Jeff I was at Steves and saw your new rod love the look of the x wrap. The rod as you stated looks great for our area of surf.:beer:


----------



## RockhopperUK (Jul 13, 2005)

"Light with LOTS of throwing power AND great bite detection. A combonation that you rarely get with Euro rods."  

Your kidding...right!!

Tom.


----------



## barty b (Dec 31, 2004)

*Am I kidding*

No not really...By standards over here "a lot", NOT ALL, Euro rods lack the sensitive tip the way I am refering to..I dont think a Connoflex Phantom,Gambit XTXL,Nemisis or even the Source Estuary has what I would call "good " bite detection nor does a Zippy primo,3500,4500,PTX Bass,Profile, 50/50,NONE of the Dymics.

Now I am talking about bite detection on what what we consider "Table fish" Whiting,Pompano,Trout. Like I said NOT ALL Euro rods lack sensitivity. I LOVE my ZZiplex Vmax F2 and My Gambit 24, The Connoflex Nevada 13 and Assasin and Flattie Fanatic are "good" on sensitivity as well.
From What I have seen and can compare to,The AFAW 13'"Surf" compares most likely to the Zziplex Powertex Bass Light,One of my favorite UK rods.

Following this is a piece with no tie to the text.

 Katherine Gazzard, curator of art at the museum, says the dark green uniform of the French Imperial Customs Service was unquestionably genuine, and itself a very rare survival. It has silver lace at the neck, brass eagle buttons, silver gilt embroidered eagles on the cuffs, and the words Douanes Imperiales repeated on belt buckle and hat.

Tom, I was not bashing UK rods, I just have different standards in needs for bite detection due to the conditions and style of fishing that I do. I probably should have made a clearer statement in the comment, as in re-reading it, it does sound a little like I am piling ALL the UK rods under the same comparison which would be assinine. I know there are MANY different styles and "actions" of rods from the UK, Probably more than anywhere.


----------